### TASK
Omit the pictures found among the records and print everything else exactly as it stands.

INPUT below:

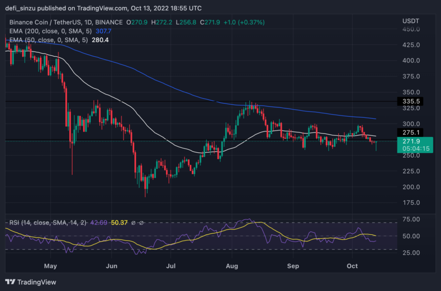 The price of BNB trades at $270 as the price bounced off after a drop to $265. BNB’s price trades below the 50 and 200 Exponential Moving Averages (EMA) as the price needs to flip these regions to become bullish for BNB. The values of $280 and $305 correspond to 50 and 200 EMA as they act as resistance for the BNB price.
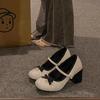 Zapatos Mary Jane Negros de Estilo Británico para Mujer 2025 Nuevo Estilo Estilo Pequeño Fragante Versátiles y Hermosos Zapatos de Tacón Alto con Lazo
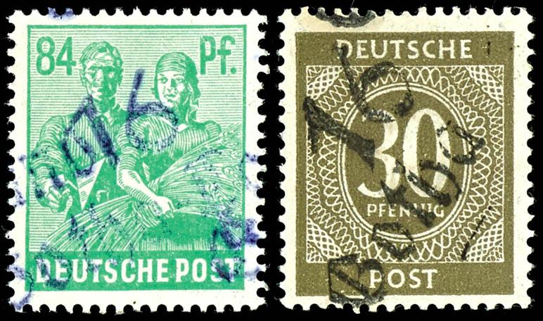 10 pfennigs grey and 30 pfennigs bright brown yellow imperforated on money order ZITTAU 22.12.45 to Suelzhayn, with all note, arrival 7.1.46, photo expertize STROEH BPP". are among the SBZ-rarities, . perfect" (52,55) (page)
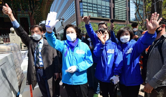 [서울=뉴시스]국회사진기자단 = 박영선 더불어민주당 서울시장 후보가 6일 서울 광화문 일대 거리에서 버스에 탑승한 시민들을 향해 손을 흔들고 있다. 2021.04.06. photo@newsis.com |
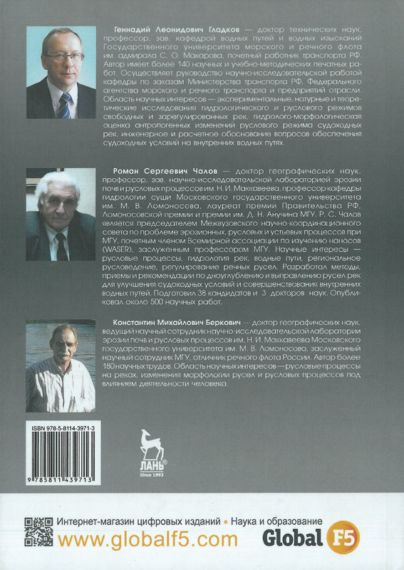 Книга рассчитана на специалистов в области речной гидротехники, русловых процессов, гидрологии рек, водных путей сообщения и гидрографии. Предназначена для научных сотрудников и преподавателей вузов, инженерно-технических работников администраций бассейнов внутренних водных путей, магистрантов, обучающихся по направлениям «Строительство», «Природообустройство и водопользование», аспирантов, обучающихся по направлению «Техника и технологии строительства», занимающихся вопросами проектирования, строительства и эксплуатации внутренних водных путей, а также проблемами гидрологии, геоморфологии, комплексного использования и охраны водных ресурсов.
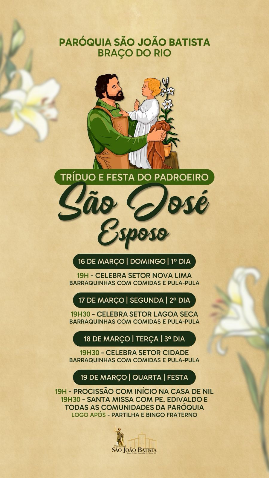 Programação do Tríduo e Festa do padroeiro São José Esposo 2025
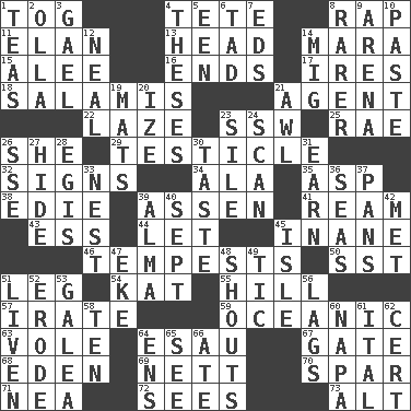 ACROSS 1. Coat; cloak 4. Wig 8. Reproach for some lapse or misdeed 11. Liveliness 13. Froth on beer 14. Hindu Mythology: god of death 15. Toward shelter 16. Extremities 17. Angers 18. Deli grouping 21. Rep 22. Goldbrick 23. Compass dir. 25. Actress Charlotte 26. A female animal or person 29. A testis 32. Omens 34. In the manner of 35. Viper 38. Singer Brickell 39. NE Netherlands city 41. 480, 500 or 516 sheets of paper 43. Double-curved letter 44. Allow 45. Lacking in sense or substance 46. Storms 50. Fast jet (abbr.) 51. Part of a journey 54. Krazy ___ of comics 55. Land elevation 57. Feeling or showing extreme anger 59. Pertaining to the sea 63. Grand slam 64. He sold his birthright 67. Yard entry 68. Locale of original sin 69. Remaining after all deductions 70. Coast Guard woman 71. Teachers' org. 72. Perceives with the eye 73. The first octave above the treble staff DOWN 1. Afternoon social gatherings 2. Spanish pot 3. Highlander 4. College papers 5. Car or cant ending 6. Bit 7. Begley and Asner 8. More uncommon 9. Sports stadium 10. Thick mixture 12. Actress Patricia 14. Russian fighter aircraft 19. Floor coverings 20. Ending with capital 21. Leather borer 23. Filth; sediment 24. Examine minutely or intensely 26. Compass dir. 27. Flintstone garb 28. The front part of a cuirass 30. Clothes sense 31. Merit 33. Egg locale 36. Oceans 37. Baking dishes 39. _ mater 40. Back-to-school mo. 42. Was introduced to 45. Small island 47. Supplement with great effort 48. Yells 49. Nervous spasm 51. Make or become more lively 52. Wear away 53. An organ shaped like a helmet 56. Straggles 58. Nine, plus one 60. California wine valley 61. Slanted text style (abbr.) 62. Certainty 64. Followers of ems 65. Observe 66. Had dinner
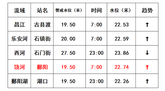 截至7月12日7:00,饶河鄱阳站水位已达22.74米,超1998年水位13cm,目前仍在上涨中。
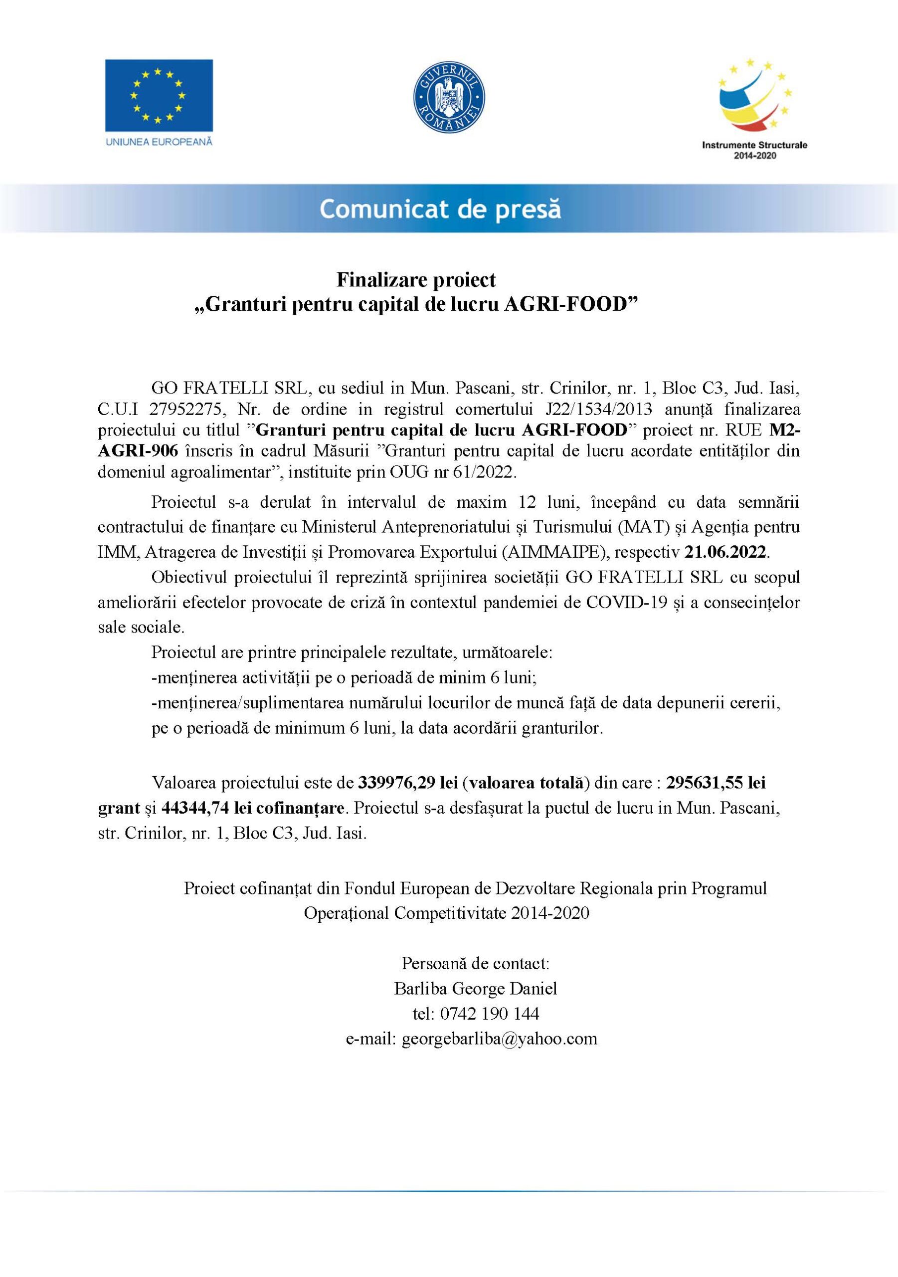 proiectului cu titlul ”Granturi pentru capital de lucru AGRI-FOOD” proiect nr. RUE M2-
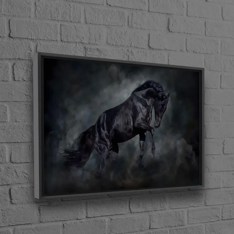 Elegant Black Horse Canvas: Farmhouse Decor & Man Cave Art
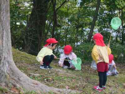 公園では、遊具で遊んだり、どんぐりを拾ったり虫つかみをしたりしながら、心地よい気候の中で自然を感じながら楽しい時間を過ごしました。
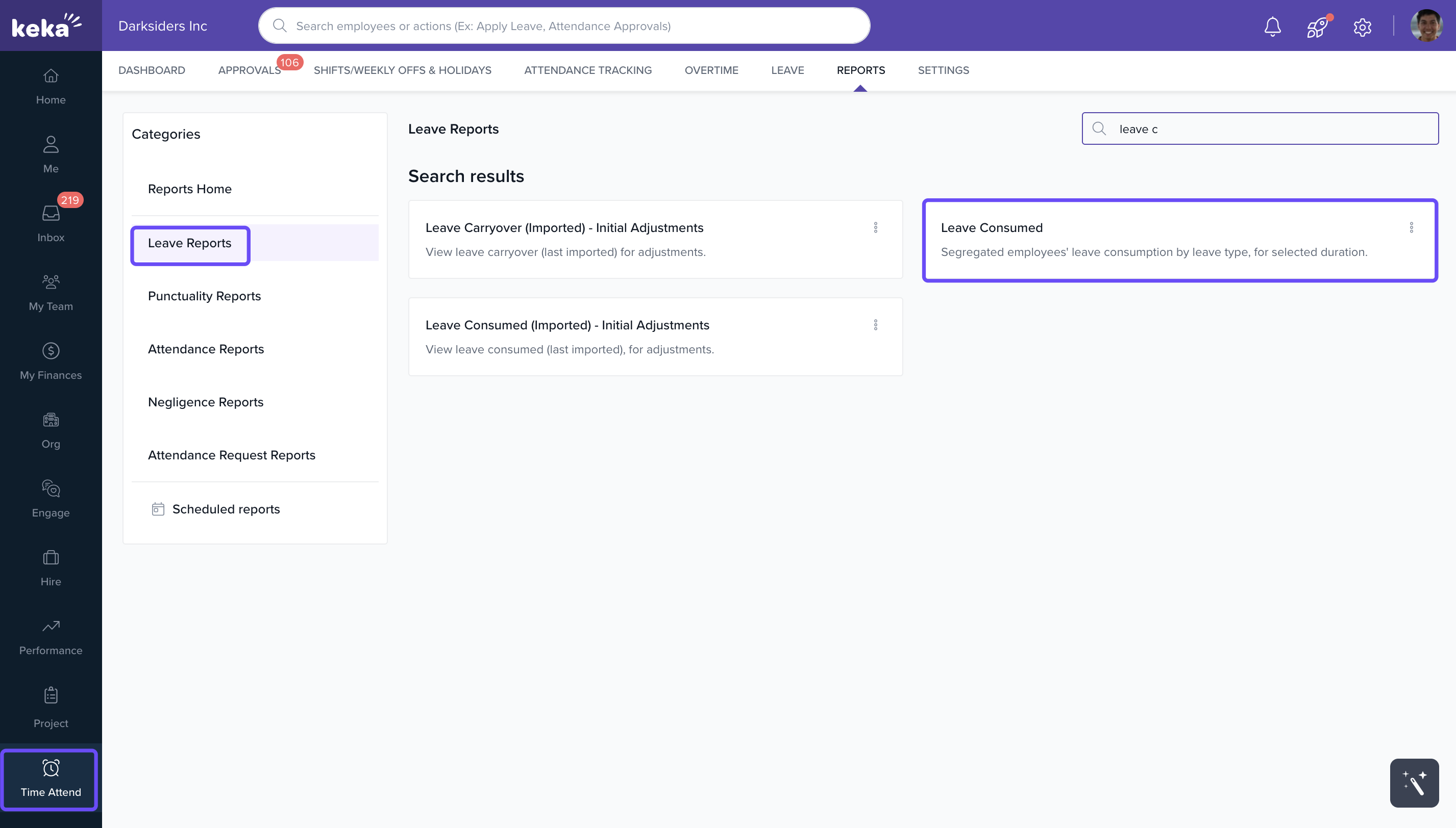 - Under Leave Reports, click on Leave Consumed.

End of INPUT.

### WRITTEN SOLUTION
 The price of BNB trades at $270 as the price bounced off after a drop to $265. BNB’s price trades below the 50 and 200 Exponential Moving Averages (EMA) as the price needs to flip these regions to become bullish for BNB. The values of $280 and $305 correspond to 50 and 200 EMA as they act as resistance for the BNB price.
 Zapatos Mary Jane Negros de Estilo Británico para Mujer 2025 Nuevo Estilo Estilo Pequeño Fragante Versátiles y Hermosos Zapatos de Tacón Alto con Lazo
 10 pfennigs grey and 30 pfennigs bright brown yellow imperforated on money order ZITTAU 22.12.45 to Suelzhayn, with all note, arrival 7.1.46, photo expertize STROEH BPP". are among the SBZ-rarities, . perfect" (52,55) (page)
 [서울=뉴시스]국회사진기자단 = 박영선 더불어민주당 서울시장 후보가 6일 서울 광화문 일대 거리에서 버스에 탑승한 시민들을 향해 손을 흔들고 있다. 2021.04.06. photo@newsis.com |
 Книга рассчитана на специалистов в области речной гидротехники, русловых процессов, гидрологии рек, водных путей сообщения и гидрографии. Предназначена для научных сотрудников и преподавателей вузов, инженерно-технических работников администраций бассейнов внутренних водных путей, магистрантов, обучающихся по направлениям «Строительство», «Природообустройство и водопользование», аспирантов, обучающихся по направлению «Техника и технологии строительства», занимающихся вопросами проектирования, строительства и эксплуатации внутренних водных путей, а также проблемами гидрологии, геоморфологии, комплексного использования и охраны водных ресурсов.
 Programação do Tríduo e Festa do padroeiro São José Esposo 2025
 ACROSS 1. Coat; cloak 4. Wig 8. Reproach for some lapse or misdeed 11. Liveliness 13. Froth on beer 14. Hindu Mythology: god of death 15. Toward shelter 16. Extremities 17. Angers 18. Deli grouping 21. Rep 22. Goldbrick 23. Compass dir. 25. Actress Charlotte 26. A female animal or person 29. A testis 32. Omens 34. In the manner of 35. Viper 38. Singer Brickell 39. NE Netherlands city 41. 480, 500 or 516 sheets of paper 43. Double-curved letter 44. Allow 45. Lacking in sense or substance 46. Storms 50. Fast jet (abbr.) 51. Part of a journey 54. Krazy ___ of comics 55. Land elevation 57. Feeling or showing extreme anger 59. Pertaining to the sea 63. Grand slam 64. He sold his birthright 67. Yard entry 68. Locale of original sin 69. Remaining after all deductions 70. Coast Guard woman 71. Teachers' org. 72. Perceives with the eye 73. The first octave above the treble staff DOWN 1. Afternoon social gatherings 2. Spanish pot 3. Highlander 4. College papers 5. Car or cant ending 6. Bit 7. Begley and Asner 8. More uncommon 9. Sports stadium 10. Thick mixture 12. Actress Patricia 14. Russian fighter aircraft 19. Floor coverings 20. Ending with capital 21. Leather borer 23. Filth; sediment 24. Examine minutely or intensely 26. Compass dir. 27. Flintstone garb 28. The front part of a cuirass 30. Clothes sense 31. Merit 33. Egg locale 36. Oceans 37. Baking dishes 39. _ mater 40. Back-to-school mo. 42. Was introduced to 45. Small island 47. Supplement with great effort 48. Yells 49. Nervous spasm 51. Make or become more lively 52. Wear away 53. An organ shaped like a helmet 56. Straggles 58. Nine, plus one 60. California wine valley 61. Slanted text style (abbr.) 62. Certainty 64. Followers of ems 65. Observe 66. Had dinner
 截至7月12日7:00,饶河鄱阳站水位已达22.74米,超1998年水位13cm,目前仍在上涨中。
 proiectului cu titlul ”Granturi pentru capital de lucru AGRI-FOOD” proiect nr. RUE M2-
 Elegant Black Horse Canvas: Farmhouse Decor & Man Cave Art
 公園では、遊具で遊んだり、どんぐりを拾ったり虫つかみをしたりしながら、心地よい気候の中で自然を感じながら楽しい時間を過ごしました。
 - Under Leave Reports, click on Leave Consumed.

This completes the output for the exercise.